Но все чаще получалось так, что какое-нибудь не очень крупное открытие бросало тень на доброе имя сформулированного закона, — и пошло, пошло... Закон заменяли новым, откорректированным, однако рано или поздно его ждала та же участь. Биологам стало ясно, что они упустили важное отличие живого от неживого и без ответа на вопрос «для чего?» уже не обойтись.


Одной из попыток ответа и было утверждение, что цель живого организма — «выжить». Это, мол, служит движущей силой дарвиновского механизма естественного отбора. Однако математический анализ проблемы, предпринятый Бернштейном, продемонстрировал иное: выживание следует из простого математического уравнения, согласно которому более приспособленные животные  б ы с т р е е  отбирают пищу у менее приспособленных к данным условиям существования, и «аутсайдеры» вымирают.


Этот финал с роковой неизбежностью наступает всюду, где имеют место динамические процессы, — то есть повсюду на Земле и в космосе, если там где-нибудь есть жизнь. Но вот борьба ли это за существование?


Сколько ни всматривайся в поведение животных, якобы занятых такой борьбой, не заметишь в их поведении агрессивности, характерной для схватки. «Злые волки» существуют только в сказках. Волк не более зол, чем баран, но он хищник и, в соответствии со своей программой поведения, нуждается в пище, что вовсе не означает, что он борется с кем-то из сородичей за свое существование.


Быстроногий волк ест больше, чем хромой или заболевший, отбирая тем самым у них пищу, — но где тут драка? Просто люди, отказывая меньшим братьям в разуме, бездумно переносят на них свои не очень-то симпатичные способы реагирования...


Пытаясь понять разницу между человеком и животным, неизбежно приходишь к тому, что прежде всего следовало бы понять фундаментальную разницу между живым и неживым. А ее современная наука определяет как различное отношение к энтропии, то есть к неупорядоченности своей структуры.

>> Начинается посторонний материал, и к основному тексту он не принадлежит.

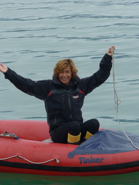 The next day was fog, fog and even more fog. Stephen had to retrieve the crab trap and unfortunately it had been dragged 150 metres up on the shore. He waded in and climbed the boulders to reclaim his trap as he had lost one already, no crabs only seaweed. He returned to Amelie, damp, cold and shivering but soon warmed up with one of his special Hot Chocolates with spray cream. When you get days like this you yearn for a sighting of anything and we were congratulated with a breaching whale not far from Amelie.

Мертвая материя, от естественных образований до искусственно созданных машин (даже «думающих»!), непрерывно разрушается, теряет первоначальную структуру: облетает краска, ржавеет металл, ползут трещины, выходят из строя электронные компоненты… Энтропия мертвой природы все время увеличивается, если, конечно, кое-где не вмешается человек и не создаст из хаоса руды блестящую отливку, из нее — деталь, а из деталей — станок и тем самым уменьшит энтропию. Однако чтобы машина прожила как можно дольше, она должна как можно меньше работать: ведь у нее нет способности самостоятельно восстанавливать нарушенную структуру.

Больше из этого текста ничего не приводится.